Regardless of the turnout, however, many believe that a systematic change of the status quo is unlikely. Some analysts have said that the international community’s diminished focus on Iraq and the subsequent lack of pressure have actually given the government the green light not to push for drastic change.

“There probably won’t be any direct confrontations between the establishment and international society, because as long as Iraq remains somewhat stable as it is now, the world would probably be fine,” said Lahib Higel, a senior Iraq analyst at Crisis Group.

In this crisis-ravaged country, no political party is expected to win a majority vote, meaning it would take months to form a coalition government.

The influential Sadrist movement, led by the nationalist icon Muqtada Sadr, who has emerged in Iraqi politics as a vocal opponent of any foreign influence, and the Iran-affiliated Fateh group are likely to lead the parliament seats. A subsequent candidate for a compromise prime minister, such as current interim prime minister Mustafa al-Kadhami, is therefore a likely outcome.

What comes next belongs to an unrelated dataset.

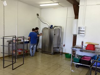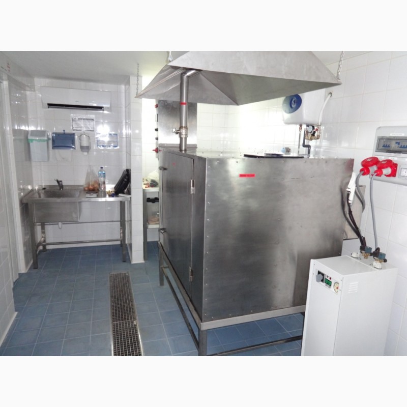 Мобильный контейнер длина 6.2м ширина 2.46м высота 2.5м. в нем имеется, электрическая коптильная камера (объем 600литров) 8Квт, электрическая камера для сушки 5Квт, 2 тележки для копчения и сушки продукта, водонагреватель, обогреватель воздуха, 2 разделочных стола, мойка, подвод отвод воды, утепление стен, пола и крыши 100мм мин вата.

What exactly that would mean for the lives of Iraqis remains uncertain. The violently crushed Tishreen movement and the next targeted assassination campaign against anti-Iran critics fundamentally changed the Iraqis’ will and tactics to voice their grievances.

The protests may not return to their original form, but without addressing the systemic problems, the lingering discontent could spark another round of public anger, analysts say.

“Anything can happen in Iraq — unless you suddenly have 24 hour electricity and a booming economy, anything can spark protests,” Hadad said.